第3部はYAMAHAのCFXの素晴らしい響きを仲道郁代さんが見事に引き出してくれました。YAMAHAでこれほどの音色を聴かせてくれるのはこれまではピリスだけでしたが、仲道郁代さんの素晴らしい技術に脱帽です。第2部のプレイエルを上回る出来でした。スタインウェイではこうは弾けなかったでしょう。最初の幻想即興曲の第1音から素晴らしい響きが聴けました。「革命」は断然、素晴らしい響きです。プレイエルの時代に生きたショパンもこれなら納得してくれるでしょう。

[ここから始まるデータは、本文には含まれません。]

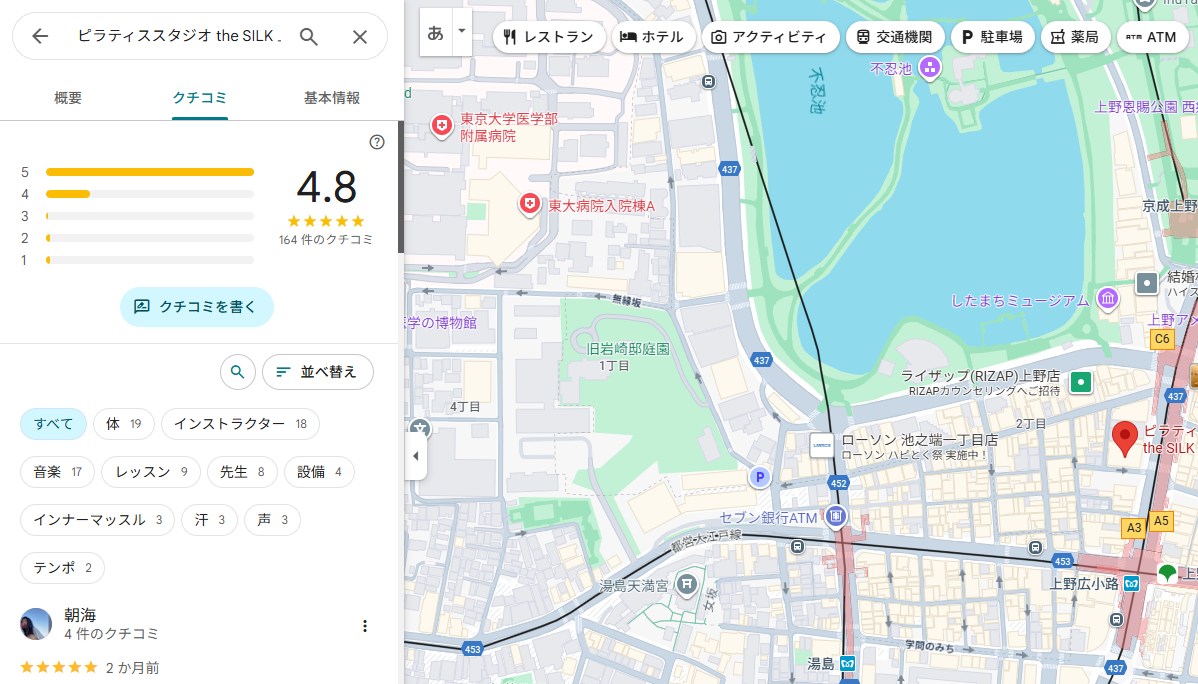 ピラティススタジオ the SILK 上野店の良い口コミ
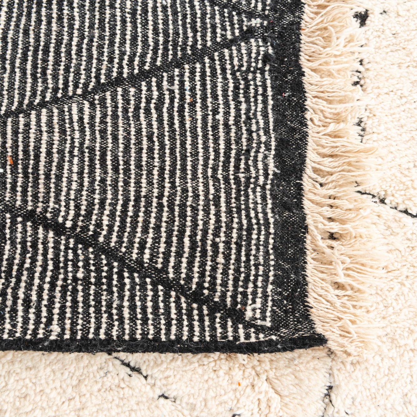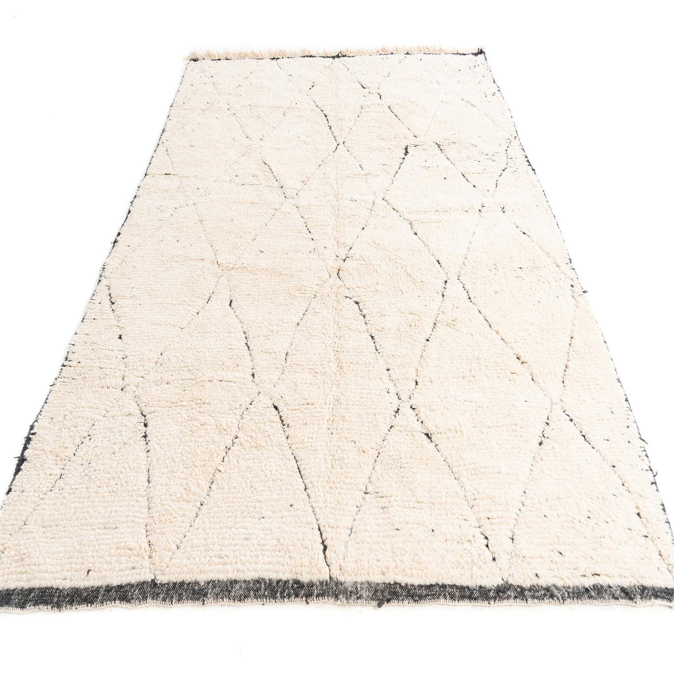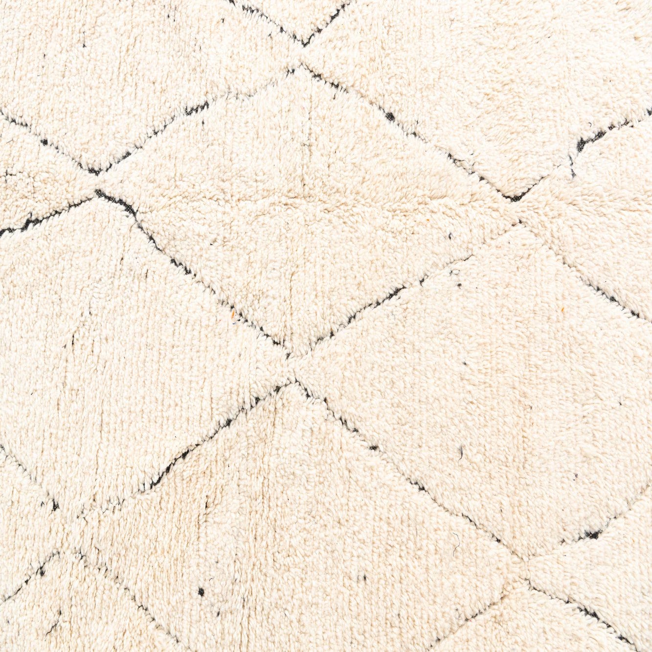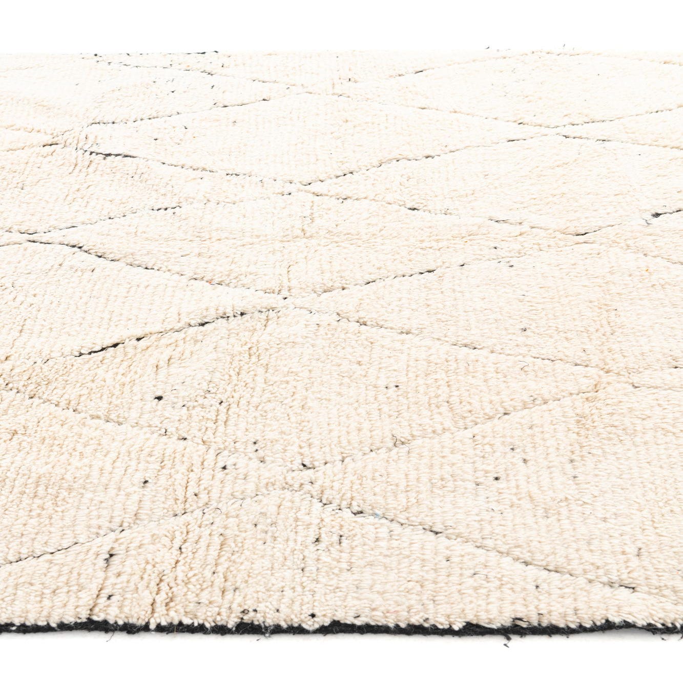 A warm ivory field forms the backdrop for a simple black diamond lattice that reads clean and organic. The hand-knotted 100% wool construction yields a dense, slightly plush pile with subtle pile-height variations and soft fringe at one end. Thin, hand-drawn black lines and tiny flecks of darker fiber give the pattern an authentic, lived-in character while the ivory ground keeps the overall look light and versatile.
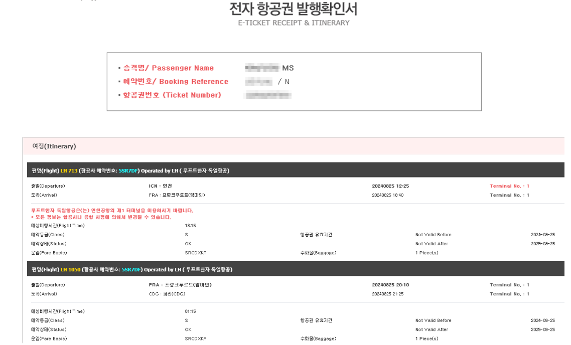 아래는 루프트한자 어플에 들어가서 직접 내 항공권 세부정보를 캡처해서 넣어둔 것이다. 비행기 편명, 수하물 무게, 비행시간, 터미널 정보(인천공항, 프랑크푸르트 공항, 샤를드골 공항 등)등을 알 수 있다.

全体を通して、仲道郁代さんの丁寧で安定した演奏が印象的でした。それを支えていたのが左手が刻む正確なリズムと響きです。特にインテンポのときにその素晴らしさを実感しました。たまにミスタッチはありましたが、それは些細なもので鑑賞には差支えがなく、仲道郁代さんは最近、ますますテクニックに磨きがかかったという印象です。音楽的にもスリリングさとかデモーニッシュさこそ感じられませんが、王道を行く納得の演奏です。心地よく聴くことができました。

今日のプログラムは以下です。

  フレデリック・ショパン

  ワルツ第1番変ホ長調Op.18「華麗なる大円舞曲」
  練習曲変イ長調Op.25-1「エオリアン・ハープ」
  前奏曲第7番イ長調Op.28-7
  ワルツ第7番嬰ハ短調Op.64-2
  夜想曲第20番(遺作)嬰ハ短調「レント・コン・グラン・エスプレッシオーネ」
  アンダンテ・スピアナートと華麗なる大ポロネーズ 変ホ長調Op.22

   《休憩》

  マズルカ第13番イ短調Op.17-4
  前奏曲第15番変ニ長調Op.28-15「雨だれ」
  練習曲ハ短調Op.10-12「革命」
  練習曲ホ長調Op.10-3「別れの曲」
  バラード第1番ト短調Op.23

   《休憩》

  幻想即興曲嬰ハ短調 Op.66
  夜想曲第2番変ホ長調Op.9-2
  練習曲ハ短調Op.10-12「革命」
  練習曲ホ長調Op.10-3「別れの曲」
  ポロネーズ第6番変イ長調Op.53「英雄」

   《アンコール》

    エルガー:愛の挨拶 Op.12

つい、ふらふらと仲道郁代さんの最新のショパンアルバムのCDを買い求め、サインをいただきました。配偶者は少々、呆れ顔でしたけどね。YAMAHAの響きが素晴らしかったとお話しすると、にっこりと美しい微笑みを浮かべながら、「それはYAMAHAの人が喜びますよ」と答えてくれました。次は来年1月のサントリーホールでのコバケンさんとの協奏曲コンサートです。ショパンとチャイコフスキーの2曲を弾くという豪華版です。ピアノはきっとスタインウェイでしょうが、できれば、YAHAMAで弾いてほしいな ⇒ 仲道さん。